The U.N. estimates that the total number of Ukrainian evacuees will grow to more than four million. Many believe this could become Europe’s most serious humanitarian crisis since World War II.

Among the evacuees, one million of them have been children, according to James Elder, a spokesman for UNICEF, who called it “a dark historical first.” That means about one-in-seven Ukrainian children have left the country.

“We have not seen a refugee crisis of this speed and scale since World War II,” Elder told The New York Times, adding, “this is a children crisis.”

According to the U.N., many of the children fleeing are unaccompanied. Elder said that many of their parents or family members are staying in Ukraine or were killed. Elder added that he met a mother traveling with her three children and her sister’s three children, with whom she had lost contact.

Ukraine’s neighbor, Poland, has taken in more than half of the two million Ukrainian refugees. Poland is working to open new shelters as Ukrainians pour into the country.

Humanitarian corridors have been opened and allowed hundreds of people to flee from cities that have seen heavy fighting, such as the city of Sumy in eastern Ukraine.

The corridor leading out of Sumy was the first major humanitarian corridor to be established, despite shooting in the nearby areas around the route, according to Dmytro Zhyvytsky, the governor of the region. Ukrainian government officials have said that thousands of people will continue to be evacuated from Sumy.

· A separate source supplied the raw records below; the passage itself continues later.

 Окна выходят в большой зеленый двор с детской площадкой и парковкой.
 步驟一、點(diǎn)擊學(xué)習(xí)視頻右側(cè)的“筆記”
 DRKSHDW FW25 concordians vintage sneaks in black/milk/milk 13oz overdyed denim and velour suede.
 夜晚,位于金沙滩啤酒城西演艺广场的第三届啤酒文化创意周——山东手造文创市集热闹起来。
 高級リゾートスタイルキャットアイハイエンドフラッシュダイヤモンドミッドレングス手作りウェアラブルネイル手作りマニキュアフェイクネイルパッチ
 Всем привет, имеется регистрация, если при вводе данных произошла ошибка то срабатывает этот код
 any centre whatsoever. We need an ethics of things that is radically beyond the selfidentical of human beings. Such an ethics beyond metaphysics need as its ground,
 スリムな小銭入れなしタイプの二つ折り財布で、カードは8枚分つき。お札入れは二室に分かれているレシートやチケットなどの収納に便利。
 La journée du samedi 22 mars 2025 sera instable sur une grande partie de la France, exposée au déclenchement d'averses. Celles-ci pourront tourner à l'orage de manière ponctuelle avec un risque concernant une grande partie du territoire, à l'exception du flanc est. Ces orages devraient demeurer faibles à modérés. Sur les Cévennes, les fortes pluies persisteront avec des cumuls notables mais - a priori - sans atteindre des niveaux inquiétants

The government of Ukraine has also established humanitarian corridors to move people out of the areas around Kyiv, which has seen heavy fighting. A train has been shuttling women and children out of the Kyiv area.

According to Ukrainian officials, some efforts to establish corridors out of other cities have been abandoned because of Russian attacks on the routes.

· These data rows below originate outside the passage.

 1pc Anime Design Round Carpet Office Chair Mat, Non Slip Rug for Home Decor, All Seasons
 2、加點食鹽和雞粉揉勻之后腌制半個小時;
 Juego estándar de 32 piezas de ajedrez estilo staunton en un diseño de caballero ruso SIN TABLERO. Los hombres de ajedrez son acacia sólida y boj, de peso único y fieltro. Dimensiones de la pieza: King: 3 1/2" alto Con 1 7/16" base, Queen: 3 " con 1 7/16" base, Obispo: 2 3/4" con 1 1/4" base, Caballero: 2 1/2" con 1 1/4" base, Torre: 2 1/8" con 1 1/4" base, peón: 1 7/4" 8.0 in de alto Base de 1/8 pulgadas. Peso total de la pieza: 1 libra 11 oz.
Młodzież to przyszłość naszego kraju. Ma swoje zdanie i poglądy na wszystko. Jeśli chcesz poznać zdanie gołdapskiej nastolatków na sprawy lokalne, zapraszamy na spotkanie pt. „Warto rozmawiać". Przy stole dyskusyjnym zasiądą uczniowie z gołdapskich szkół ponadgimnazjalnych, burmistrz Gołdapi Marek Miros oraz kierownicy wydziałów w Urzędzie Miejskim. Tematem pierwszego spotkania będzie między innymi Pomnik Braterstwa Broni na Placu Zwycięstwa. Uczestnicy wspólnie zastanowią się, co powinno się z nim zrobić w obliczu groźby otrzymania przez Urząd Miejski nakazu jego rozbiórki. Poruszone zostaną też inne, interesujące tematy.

The Russian government proposed setting up humanitarian corridors out of several Ukrainian cities that would lead to Russia and Belarus. According to Interfax, Russia wanted civilians fleeing the Ukrainian cities of Kyiv, Chernigov, and Kharkiv to travel to Russia, some via Belarus.

Ukrainian President Volodymyr Zelenskyy rejected the Russian proposal, saying Ukrainian citizens will not be going to “occupied territory” in Russia and Belarus.

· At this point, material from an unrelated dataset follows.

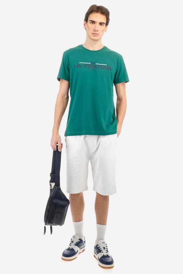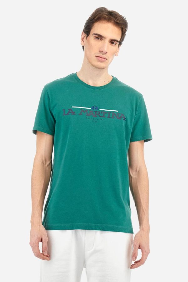 Elevate your casual wardrobe with this men’s solid color T-shirt, crafted from premium cotton jersey. Features a classic crew neck design with distinctive La Martina text print. The authentic logo is expertly embroidered on the front, positioned at the center of the chest for a polished look. Designed with a regular fit that provides optimal comfort and ease of movement. The model is wearing size L.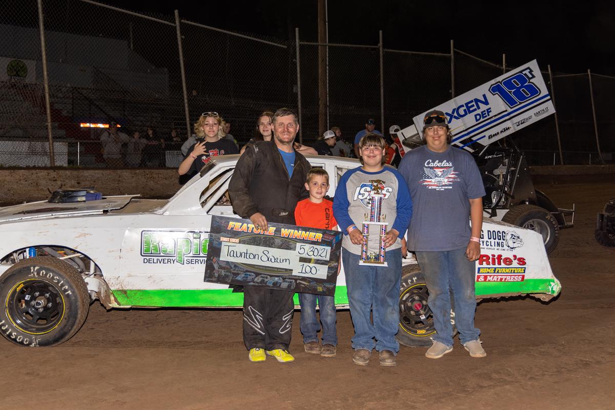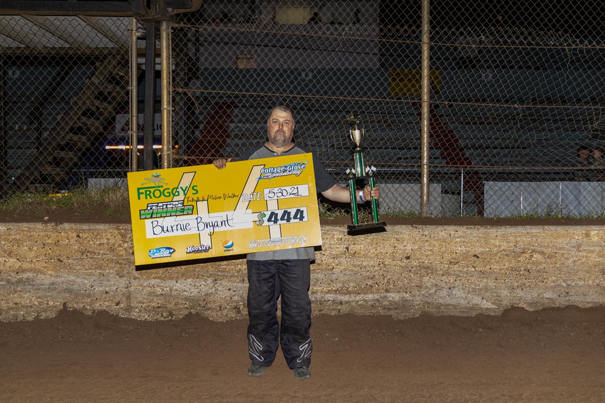 The IMCA Sport Compacts were the headliner of the night. The evening was specially reserved for the rescheduled Froggy 44 Tribute To Mel Walker. The forty-four-lap affair started with Tiffany Towns, from Cottage Grove, leading the opening lap. Burnie Bryant maneuvered his way past Towns by the completion of the second circuit.

Ukraine’s Deputy Prime Minister, Iryna Vereshchuk, echoed the same sentiments in a video statement.

“This is [an] unacceptable option of creating humanitarian corridors [only in Russia and Belarus]. Our people from Ivankiv, Dymer, Vyshhorod, Kyiv won’t go to Belarus to fly later to Russia,” said Vereshchuk.

The Ukrainian ambassador to the United Nations, Sergiy Kyslytsya, also emphasized the country’s opposition to Russia’s proposal at a U.N. Security Council meeting.

He said Russia had “undermined arrangements” for humanitarian corridors by insisting all routes would go through Russia or Belarus.